*** Opening of SUPPLIED RECORDS ***

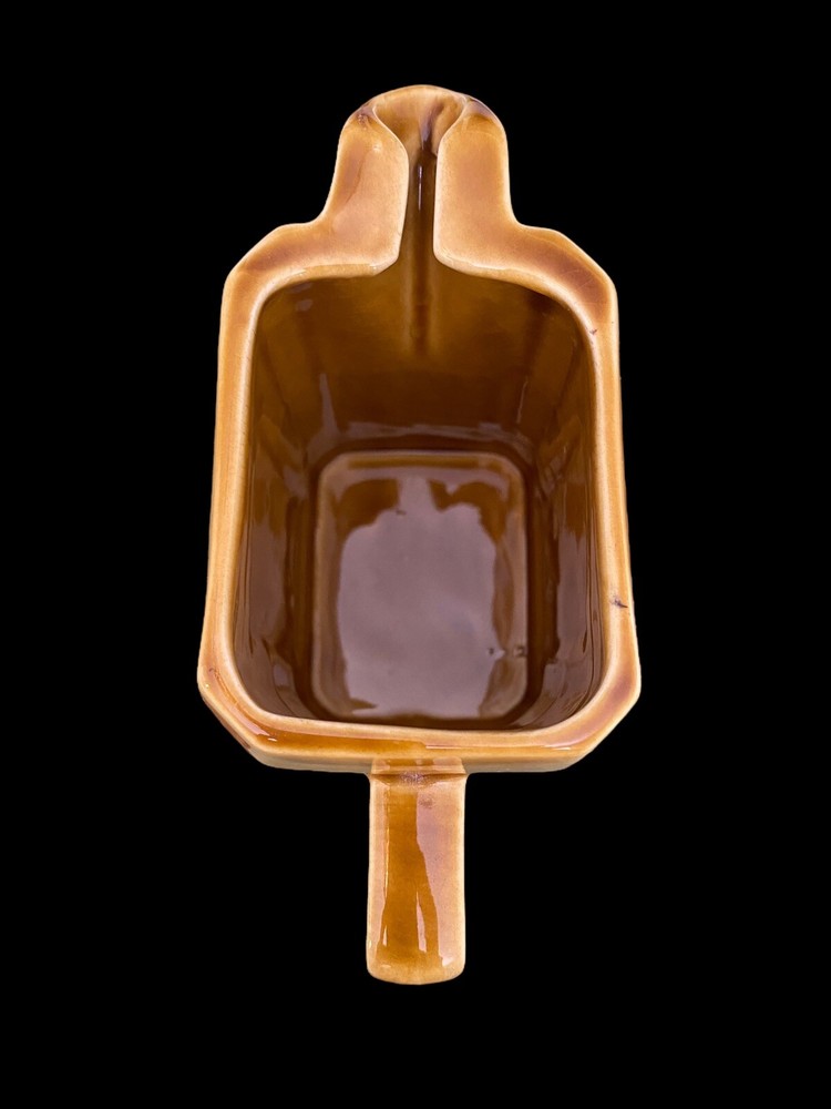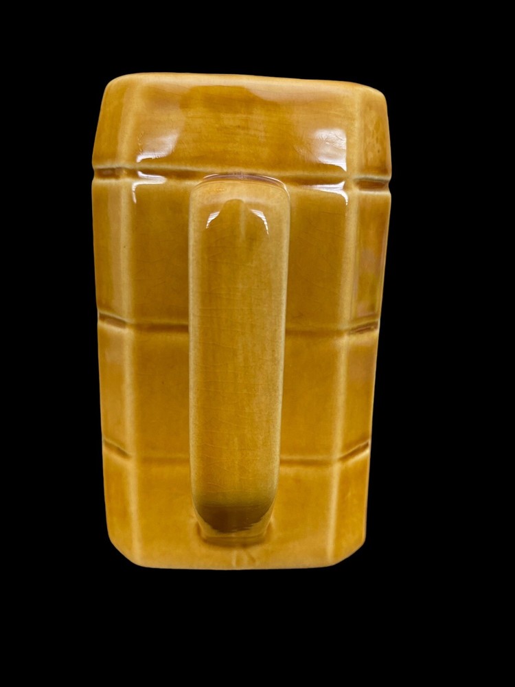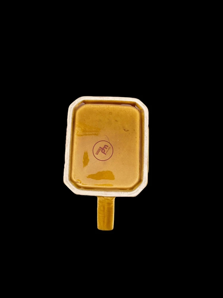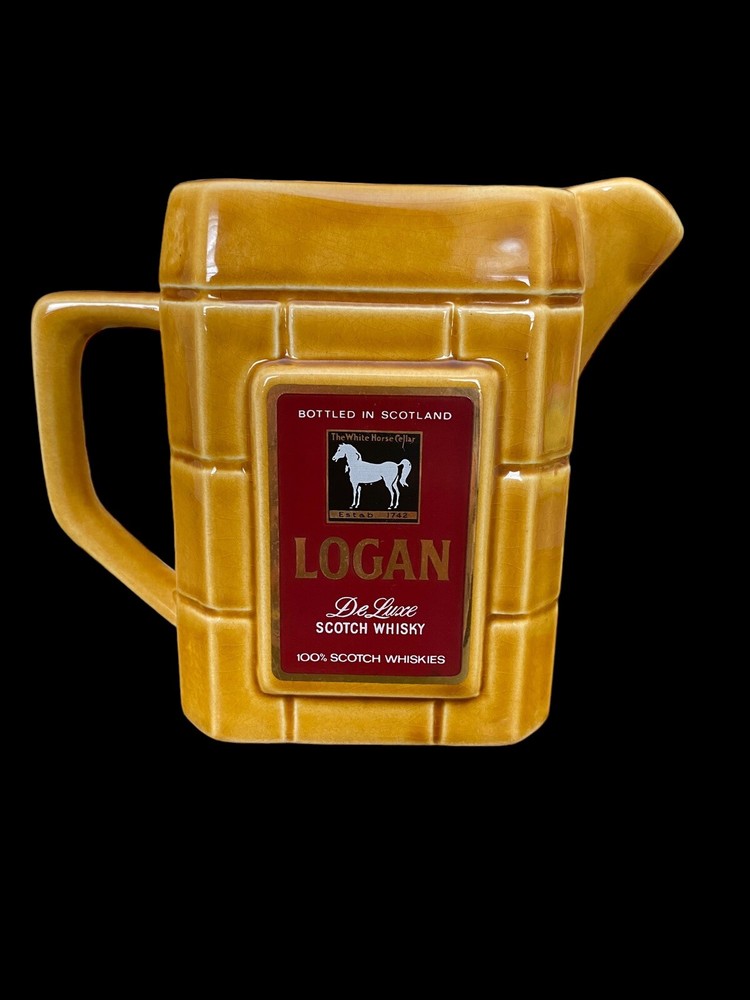 I bought from a local collector. This is the only one I see like this. I liked the mustard glaze and the brickwork design impressed into the ceramic body. The Logan brand is part of the White Horse whisky family. Founded in 1880 by James Logan Mackie, and named after the family Inn in Edinburgh, White Horse whisky is still such a popular brand. This jug was made by wade. The jug has no chips or cracks, there is gentle all over crazing which is due to the age. These jugs make amazing additions to any home bar or man cave, they look great on shelves or bar tops where they add an advertising accent, making the room look authentically pub like. Height 5.5” Length 6.5” Width 3”
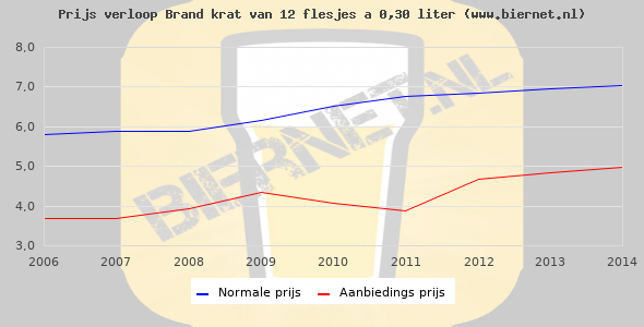 De gemiddelde prijs van een krat van 12 flesjes á 0,30 liter van Brand Pilsener is niet bekend. De gemiddelde prijs van Brand Pilsener in de winkel is niet bekend.
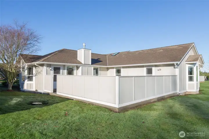 Mountain view single-level 3-bedroom, 2-bath condominium with a 3-car garage, located in the desirable Sherwood Village community. Abundant natural light fills the home through numerous windows, skylights, and solatubes, creating a warm and inviting atmosphere throughout. Hardwood floors enhance the living area, kitchen, and hallways. The kitchen features newer cabinetry with pull-out drawers, a range hood, and a spacious walk-in pantry. The living area offers built-in speakers, a cozy propane fireplace, and direct access to a private, fenced patio overlooking the green space. The generous primary suite includes a charming bay window, an ample walk-in closet, and a private door leading to the patio. The primary bath is well-appointed with tile floors, a walk-in shower, and double sinks. A functional laundry room provides a utility sink, under-cabinet lighting, and upper cabinets for storage. There is an additional utility sink in the garage and the third bay is heated and finished, complete with a Solatube—ideal for a workshop, hobby space, or extra storage. Conveniently located near shopping, medical facilities, the Olympic Discovery Trail, and the YMCA. Come take a look—you’ll be glad you did!
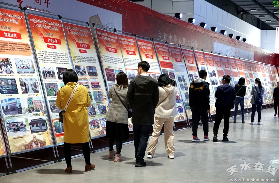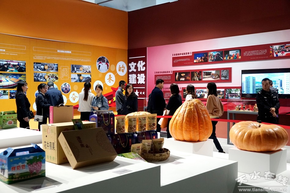 本次展覽分設(shè)天水市70周年“發(fā)展成就展”和“脫貧攻堅(jiān)成就展”兩個(gè)展區(qū),展陳面積4000多平方米。采用以門類為主的布展方式并結(jié)合傳統(tǒng)圖文展板、多媒體視頻、實(shí)物展臺(tái)、聲光電融媒體、線上VR體驗(yàn)、現(xiàn)場(chǎng)互動(dòng)等多種形式進(jìn)行布展。其中“經(jīng)濟(jì)社會(huì)發(fā)展成就展”展區(qū)以“壯麗七十年,奮斗新時(shí)代”為主題,共設(shè)置序言篇、歷程篇、專題篇、展望篇和尾聲五大展廳,用大量豐富詳實(shí)的資料、1000多張圖片和視頻,全方位展現(xiàn)新中國(guó)成立以來,特別是黨的十八大以來全市經(jīng)濟(jì)社會(huì)發(fā)生的深刻變化和取得的顯著成就!懊撠毠(jiān)成就展”展區(qū)設(shè)置170多幅展板,分前言、領(lǐng)導(dǎo)關(guān)懷、五個(gè)一批、政策落實(shí)、協(xié)作幫扶、能力提升、黨建引領(lǐng)、展望未來以及縣區(qū)篇等9個(gè)板塊,圖文并茂地展示了近30多年來天水人民不甘貧窮、艱苦奮斗、銳意進(jìn)取、蓬勃向上的精神風(fēng)貌;同時(shí)展陳了五縣兩區(qū)四大類型120余種扶貧產(chǎn)業(yè)的產(chǎn)品,全面展示了十八大以來脫貧攻堅(jiān)取得的階段性成就。
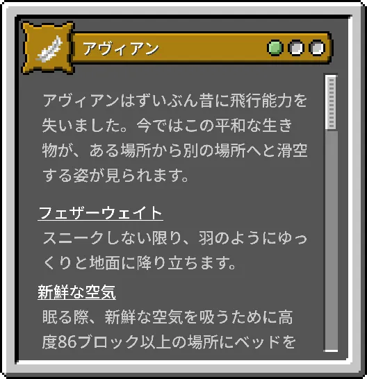 | アヴィアン🔰 | 常にゆっくり降下し、移動速度がわずかに上昇します。また、起床時に卵を産みます。 | 高度86ブロック以上でしか眠れず、肉類を食べることができません。 | 小 |
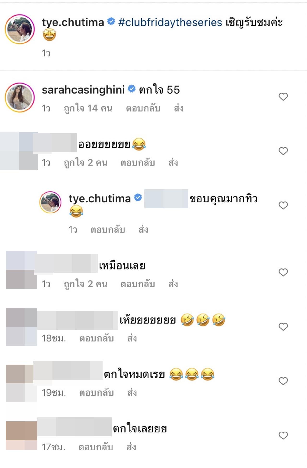ก่อนที่เจ้าตัวจะเฉลยผ่านแคปชั่นว่า "#clubfridaytheseries เชิญรับชมค่ะ" ที่แท้ก็เป็นส่วนหนึ่งของฉากในละครนั่นเอง.
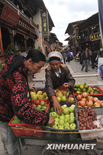 香格里拉建塘镇独克宗古城的水果摊(2009年8月20日摄)。新华社记者陈海宁摄
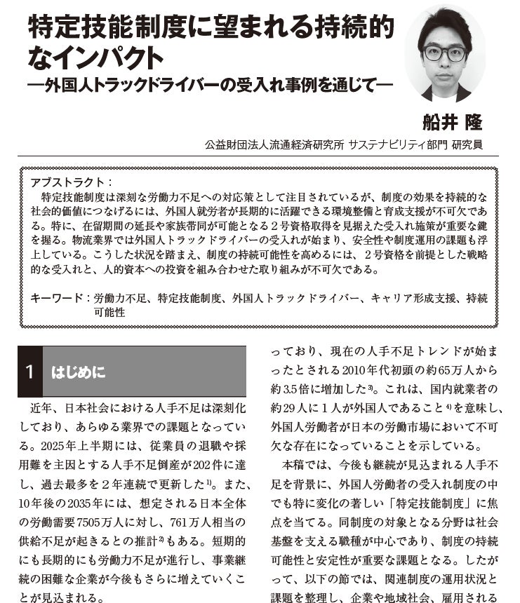 「特定技能制度に望まれる持続的なインパクト―外国人トラックドライバーの受入れ事例を通じて―」
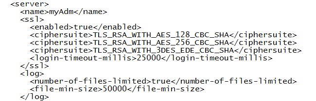 编缉$DOMAIN_HOME/config目录下的config.xml,找到要限制密码套件的server下的ssl标签(比如我这里是myAdm),加入以下内容:
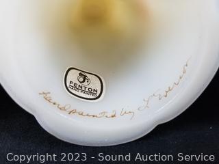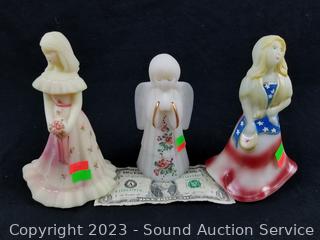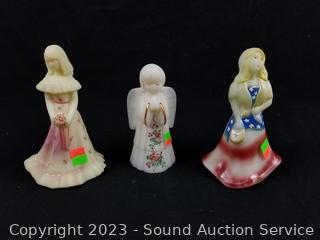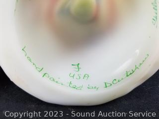 Lot #0038: 3 Vintage Hand Painted Stain Milk/Uranium Glass Sculptures
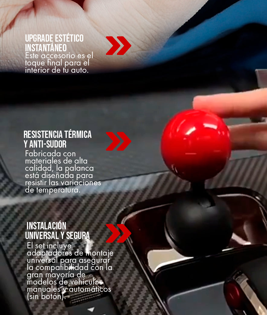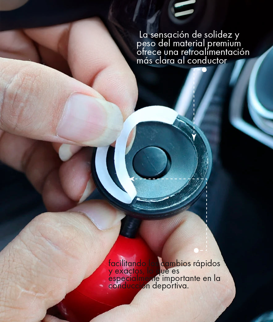 La palanca se vende con un kit de adaptadores universales. Esto garantiza la compatibilidad con la gran mayoría de vehículos con transmisión manual o automática (sin botón en la palanca). El kit incluye adaptadores de diferentes diámetros para ajustarse al vástago de tu auto.
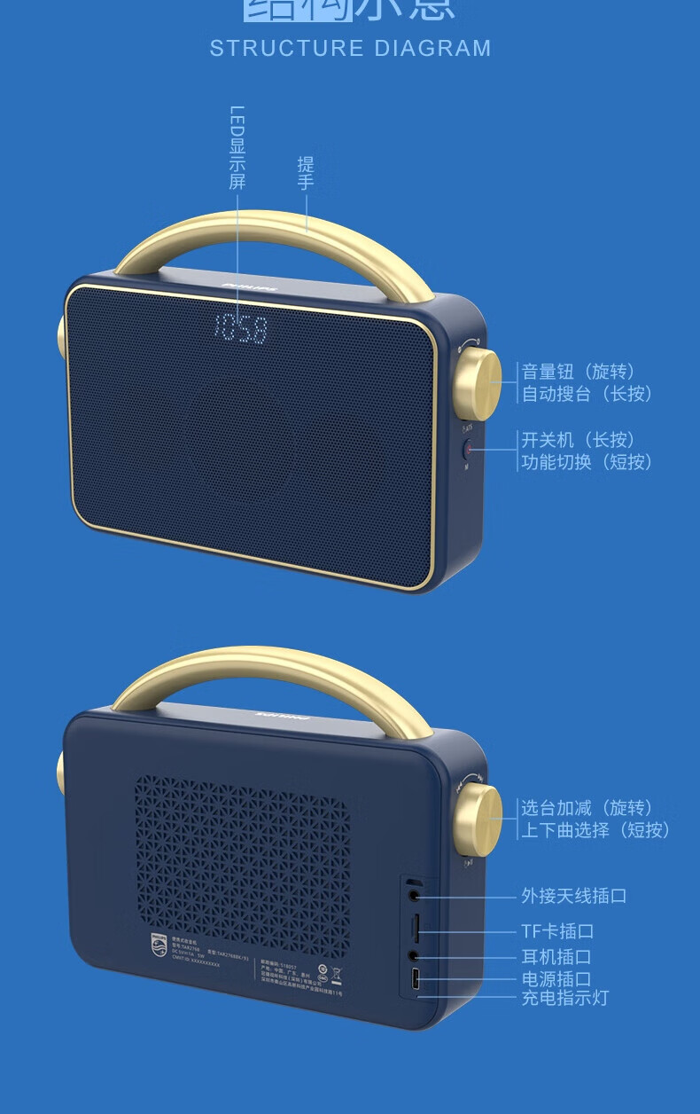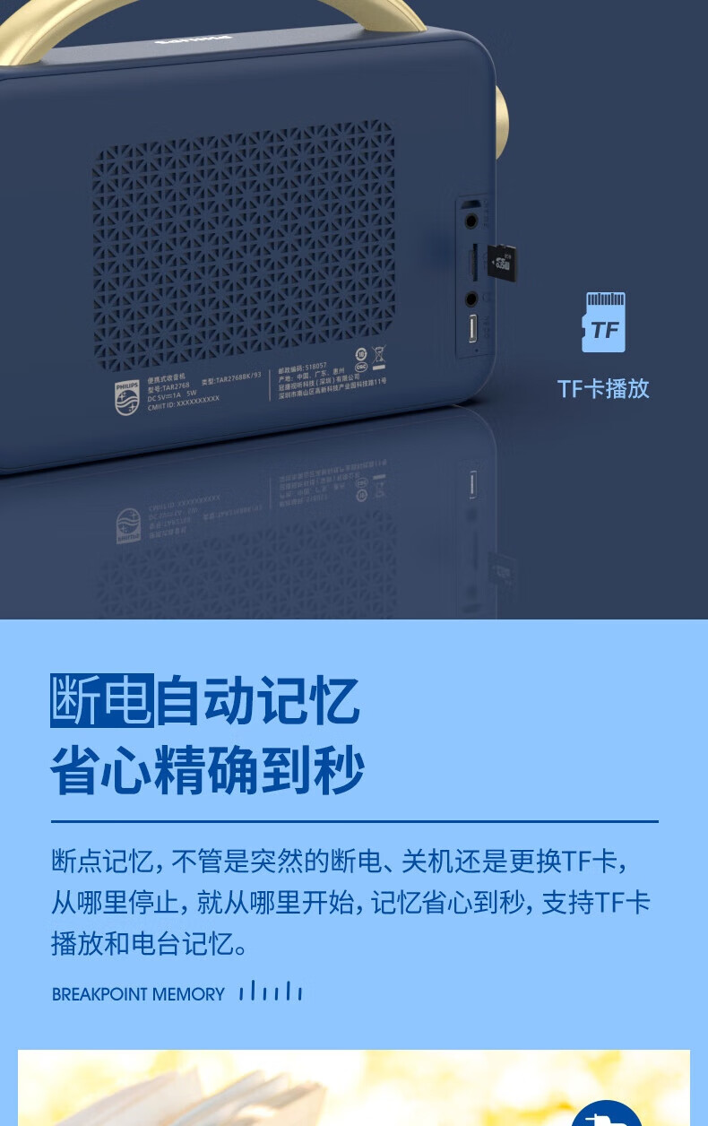 飞利浦 便携蓝牙音箱户外音响TAR2768
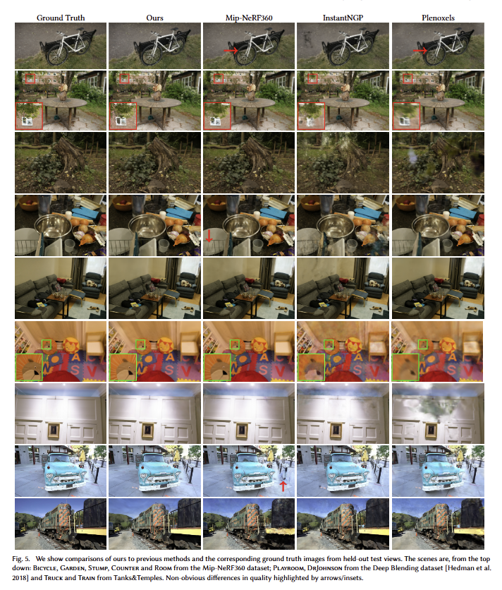 저자는 이러한 두 관점에서 장점을 결합한 기법을 제안하고자 합니다. 이는 3D Gaussian 표현을 이용하여 SOTA 수준의 시각적 품질, 훈련 시간을 보이며, tile-based splatting 기법을 통해 실시간 렌더링을 보입니다. 또한, 1080p 해상도에서도 SOTA를 보입니다.
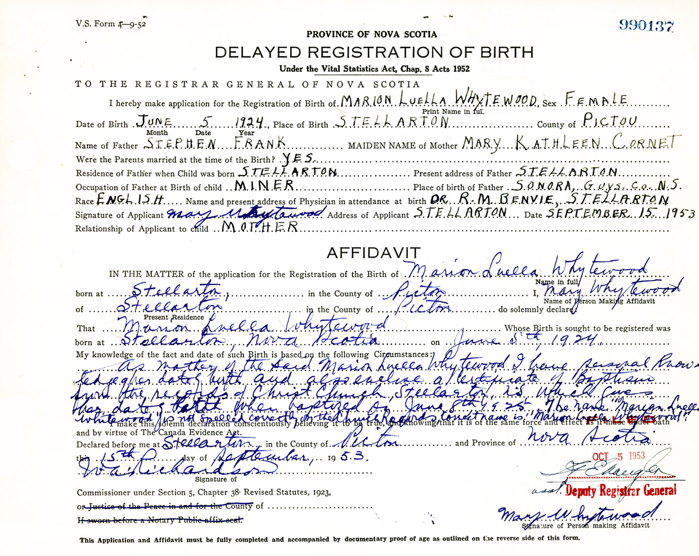 As mother of the said Marion Luella Whytewood, I have personal knowledge of her date of birth and also enclose a certificate of baptism from the records of Christ Church, Stellarton, NS which hives the date of birth when baptized on June 8, 1925. The name Marion Luella Whitewood is not spelled correctly on the Church Records. Correct name is Marion Luella Whytewood
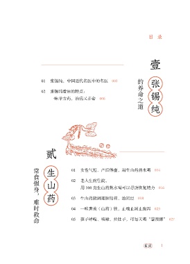 目 录 壹 张锡纯 的养命之道 01 张锡纯,中国近代名医中的名医 002 02 张锡纯看病的特点: 一味单方药,治病又养命 006 贰 生山药 常食强身,难时救命 01 女性气短、产后体虚,用生山药熬水喝 014 02 老人生病住院, 用 100 克生山药熬水喝可以帮助恢复精力 016 03 生山药能调理肺结核、治闭经 018 04 一味薯蓣(山药)饮,止喘止渴止腹泻 023 05 孩子哮喘、咳嗽、拉肚子,可每天喝“薯蓣粥” 027 目 录 1
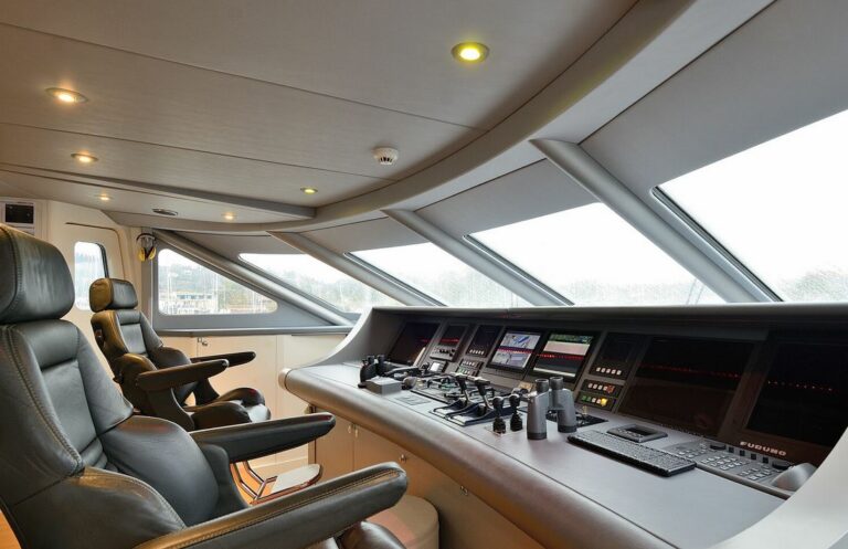 Built with a aluminium hull and aluminium superstructure, with teak decks, she benefits from a semi-displacement hull to provide exceptional seakeeping and impressive speeds. Powered by twin diesel MTU (16V4000 M90) 16-cylinder 3,700hp engines running at 2100rpm, she comfortably cruises at 20 knots, reaches a maximum speed of 25 knots with a range of up to 3,400 nautical miles from her 68,800 litre fuel tanks at 20 knots. Her water tanks store around 16,600 Litres of fresh water. She was built to ABS (American Bureau of Shipping) ✠A1, Yachting Service, AMS classification society rules.
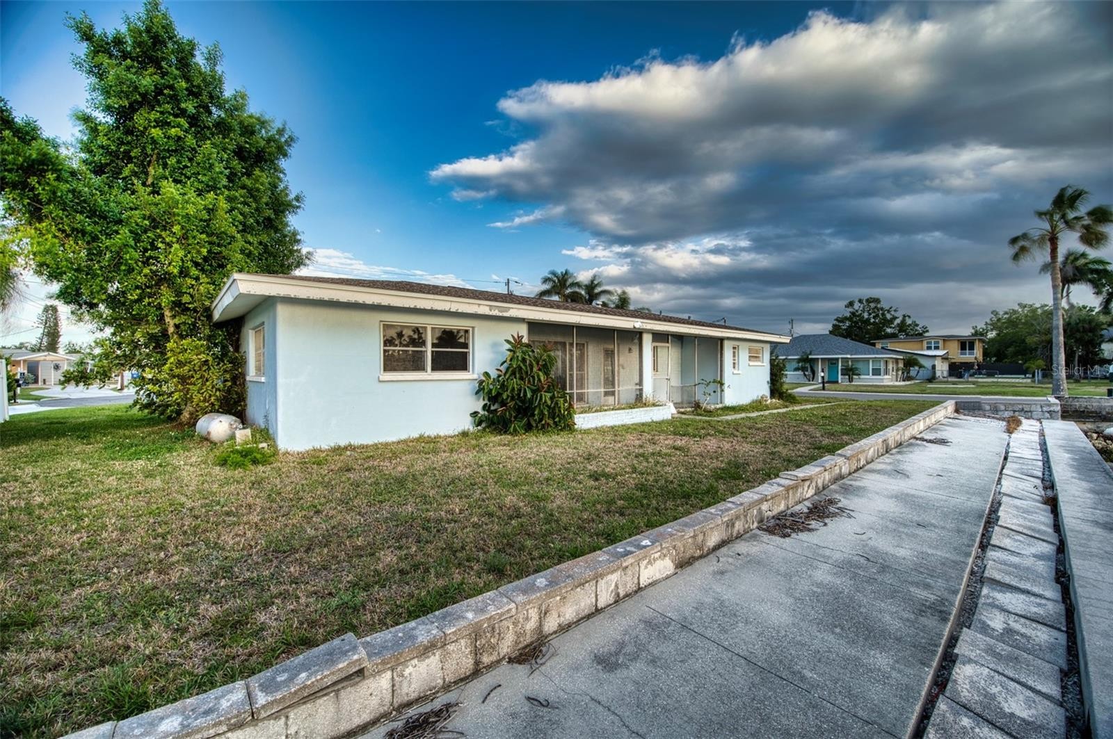 Direct Manatee River frontage with sweeping sunset views. Cul-de-sac lot offering a rare opportunity to build new or reimagine the existing structure. No better place to take in holiday fireworks and enjoy the ultimate Bradenton waterfront lifestyle. Storm damage; value is in the land. For buyers with vision. AS-IS with right to inspect; no repairs. Riparian rights and dock feasibility to be verified by buyer, including permitting and approvals.

*** Close of SUPPLIED RECORDS ***

# WHAT THE EXERCISE ASKS:
Given the records above, return the lines starting at the one that holds "La palanca se" and ending at the one that holds "As mother of", exactly, and nothing besides; leave every picture out.

# EXPECTED ANSWER:
 La palanca se vende con un kit de adaptadores universales. Esto garantiza la compatibilidad con la gran mayoría de vehículos con transmisión manual o automática (sin botón en la palanca). El kit incluye adaptadores de diferentes diámetros para ajustarse al vástago de tu auto.
 飞利浦 便携蓝牙音箱户外音响TAR2768
 저자는 이러한 두 관점에서 장점을 결합한 기법을 제안하고자 합니다. 이는 3D Gaussian 표현을 이용하여 SOTA 수준의 시각적 품질, 훈련 시간을 보이며, tile-based splatting 기법을 통해 실시간 렌더링을 보입니다. 또한, 1080p 해상도에서도 SOTA를 보입니다.
 As mother of the said Marion Luella Whytewood, I have personal knowledge of her date of birth and also enclose a certificate of baptism from the records of Christ Church, Stellarton, NS which hives the date of birth when baptized on June 8, 1925. The name Marion Luella Whitewood is not spelled correctly on the Church Records. Correct name is Marion Luella Whytewood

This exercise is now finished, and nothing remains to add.